We may also contact you about new business opportunities for us to work together with you and to keep you informed of our activities. We are processing your personal information in this way because it is our legitimate interests to grow our business and explore new business opportunities with you. We will only do this if we believe that you would reasonably expect us to contact you in this way and that such processing does not have an impact on you in a way that would make this processing unfair.

We will not send you general marketing information as part of a group e-mailing campaign unless you have consented to being contacted in this way.

(6) You are: (a) a prospective customer or an employee of a prospective customer; or (b) a prospective supplier or an employee of a prospective supplier.

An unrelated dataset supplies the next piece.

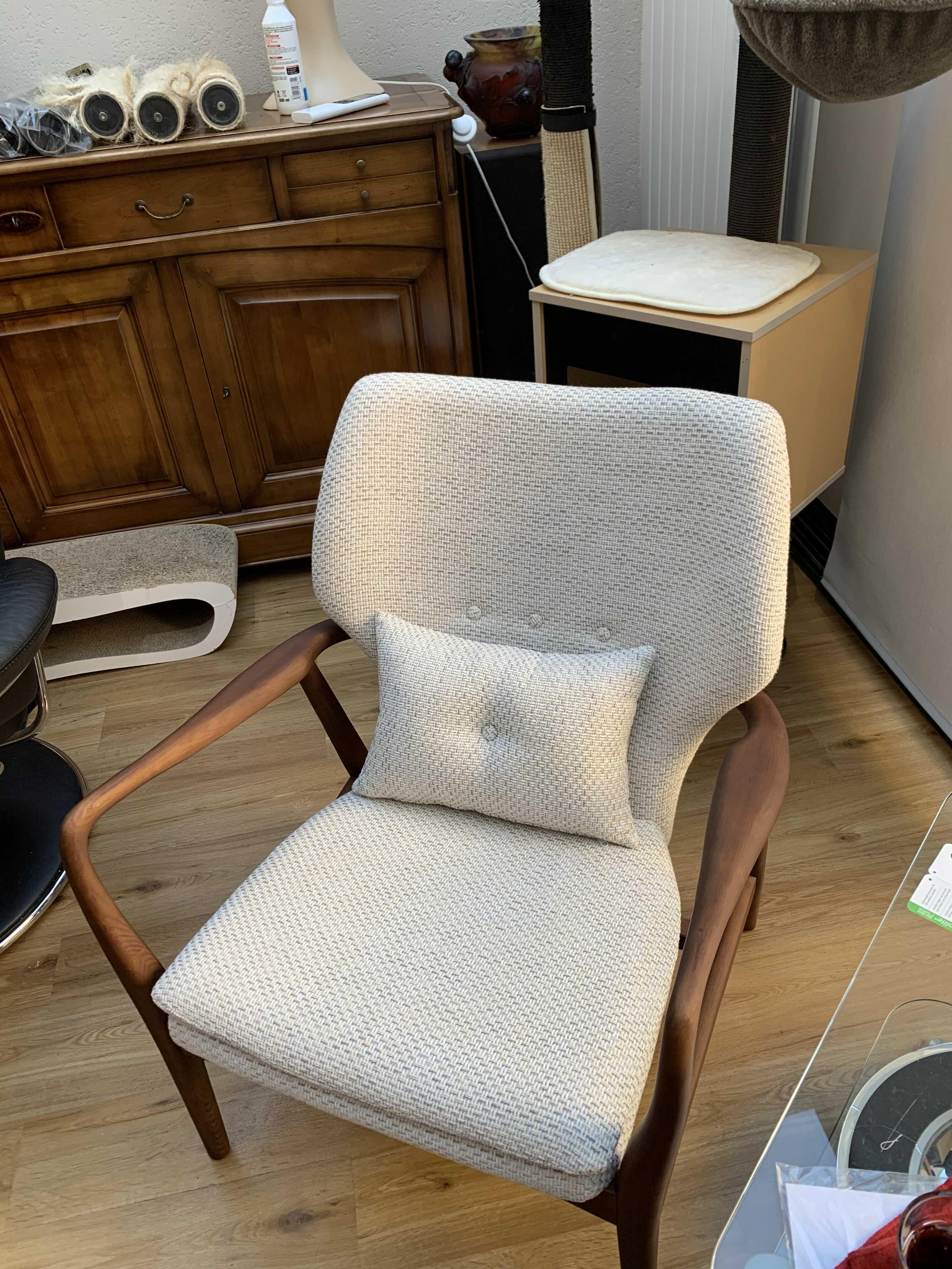 밝은색 소파와 기존보다 아담해 진 팔걸이 의자들이 새 가족으로 들어왔다.

We will collect, store and use personal information including contact details of people who we might do business with as a supplier or a customer for the purpose of growing our business and exploring new business opportunities. We may collect this information from you, when you contact us (including through this website) or from a mutual contact. We will only collect contact information from your website or another third party website if we have identified you specifically as someone who may be interested in receiving a Service from us or delivering goods or services to us. We may contact you about new business opportunities for us to work together with you and to keep you informed of our activities.

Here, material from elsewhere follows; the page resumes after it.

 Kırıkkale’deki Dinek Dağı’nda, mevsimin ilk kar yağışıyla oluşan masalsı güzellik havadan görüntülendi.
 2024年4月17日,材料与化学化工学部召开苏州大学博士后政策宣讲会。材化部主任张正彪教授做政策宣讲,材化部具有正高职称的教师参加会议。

We are processing your personal information in this way because it is in our legitimate interests to grow our business and explore new business opportunities with you. We believe that you would reasonably expect us to process your personal information in this way and that such processing does not have an impact on you in a way that would make this processing unfair.

Where your information is stored in our contacts database but is not kept in a customer or supplier file, we carry out a review of our contacts database every three years when we consider whether or not we still have a legitimate interest to keep your contact information. Where we consider that we no longer have a legitimate interest to keep your contact information we will delete it.

We will not send you general marketing information as part of a group e-mailing campaign unless you have consented to being contacted in this way.

Employees should refer to the Employee Privacy Notice for further information about our privacy policy in respect of employees.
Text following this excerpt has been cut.